Node sizes are proportional to numbers of accessions and empty nodes are shown as black dots. Short dashes on the edges indicate the number of point changes between pairs of nodes. The proportion of wild accessions and landraces for each haplotype are shown in red and green, respectively.
https://doi.org/10.1371/journal.pone.0218526.g002
[Figure omitted. See PDF.]
Table 1. HvWAK1 haplotypes.
https://doi.org/10.1371/journal.pone.0218526.t001
Nineteen of the SNPs are located within the coding sequence of the gene, nine of these SNPs resulting in amino acid changes in the predicted translation product, another nine giving synonymous codon changes, and one introducing a premature termination codon that shortens the predicted translation product by one amino acid (Table 2). The two STRs in the first exon of the coding sequence also result in amino acid sequence changes (S5 Table). The first of these STRs is (GCGGCT)2–4, specifying a series of 4–8 alanines, although the second of these alanines is valine in some accessions due to the presence of SNP35, and the fifth of can be proline due to SNP36. The second STR is (AAGGGG)2–4, which is translated into glutamine-glycine followed by 1–3 repeats of glutamic acid-glycine, followed by a single glycine.
[Figure omitted. See PDF.]
Table 2. SNPs in the coding region of the HvWAK1 gene.
https://doi.org/10.1371/journal.pone.0218526.t002
Complete data for the nine nonsynonymous SNPs were available for 298 accessions (154 wild accessions and 144 landraces). The amino acid substitutions resulting from these SNPs combine to produce 28 protein variants (Table 3 and S6 Table), of which 16 are unique to the wild population, two are unique to landraces (these two variants comprising only three accessions) and the remaining ten are shared by wild accessions and landraces.
[Figure omitted. See PDF.]
Table 3. Variants of the HvWAK1 protein sequence.
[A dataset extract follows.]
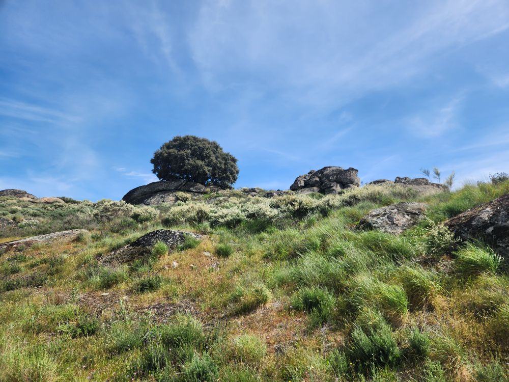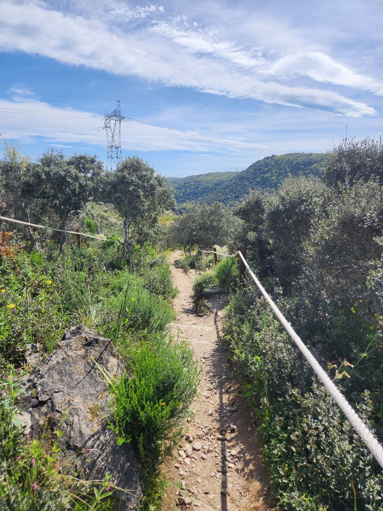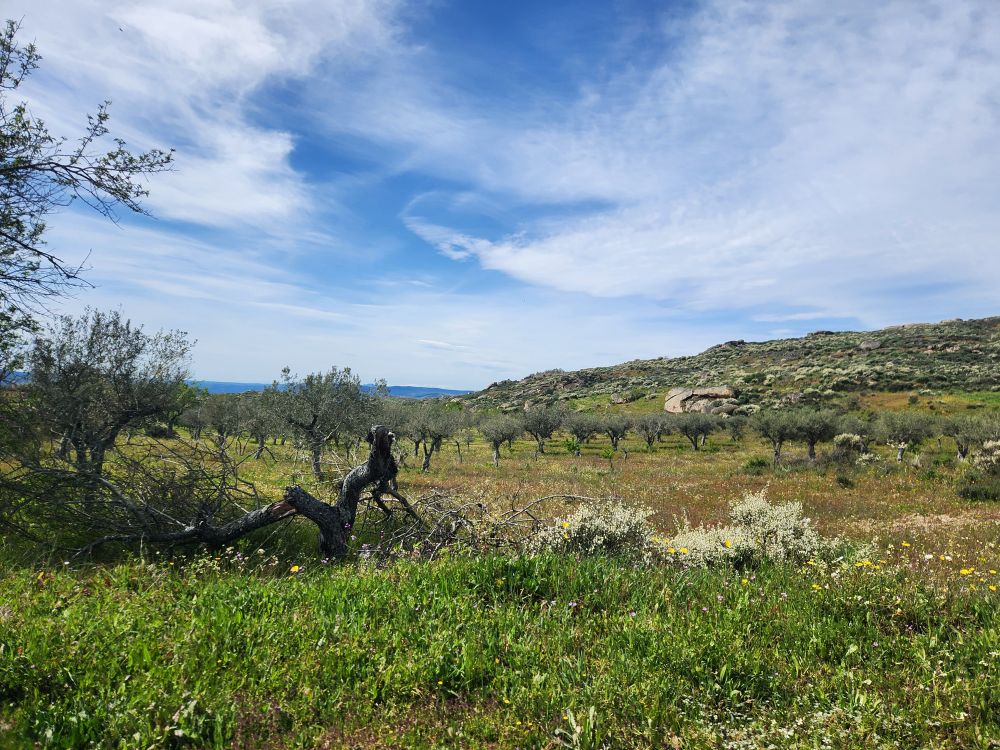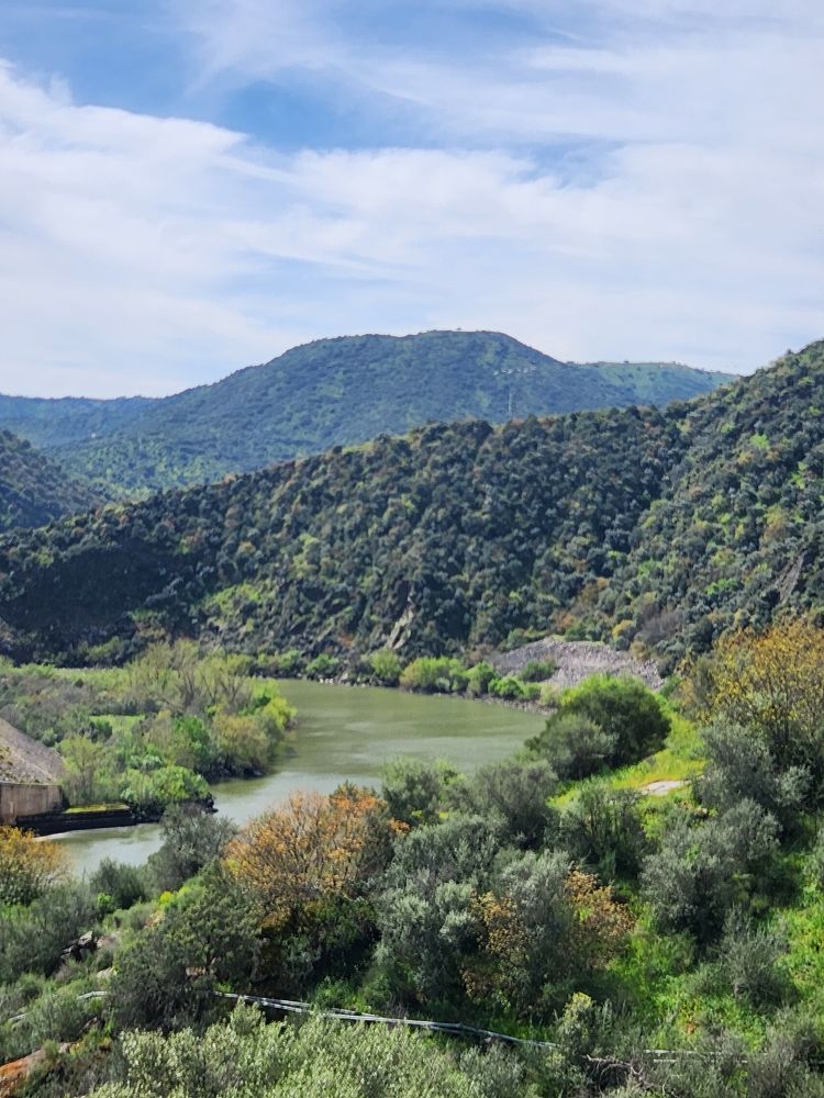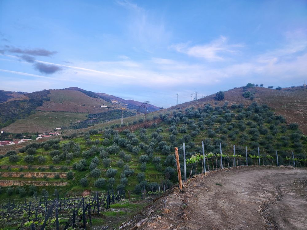 The more inland we go, the more the scenery changes. We go from 100% vineyards to occasional vines mixed in with tons of olive tree groves, lots of scrub and lots of rocks. And along the way, somewhere – who knows where – we’ve switched to following the Sabor river. Albeit high above the banks on the winding mountain road.

https://doi.org/10.1371/journal.pone.0218526.t003
The nonsynonymous amino acid changes include three that result in significant changes in chemical properties [39]. These are: the serine to arginine substitution at amino acid position 503 of the predicted translation product, caused by SNP63; the conversion of the same serine to lysine due to the presence of SNPs 62 and 63 in the codon specifying amino acid 503; and the asparagine to histidine change at position 649, caused by SNP66 (see Table 2). However, secondary structure predictions do not suggest that these or any other of the substitutions occurring in the coding sequence would have a significant impact on the structure and, by inference, function of the HvWAK1 protein (S1 Fig). The three possible substitutions at amino acid position 503 (serine to asparagine, arginine or lysine) are predicted to affect the precise conformation of a short series of turns, but substitutions elsewhere in the protein either have no effect on the predicted secondary structure, or change the lengths of the predicted structural elements in minor ways.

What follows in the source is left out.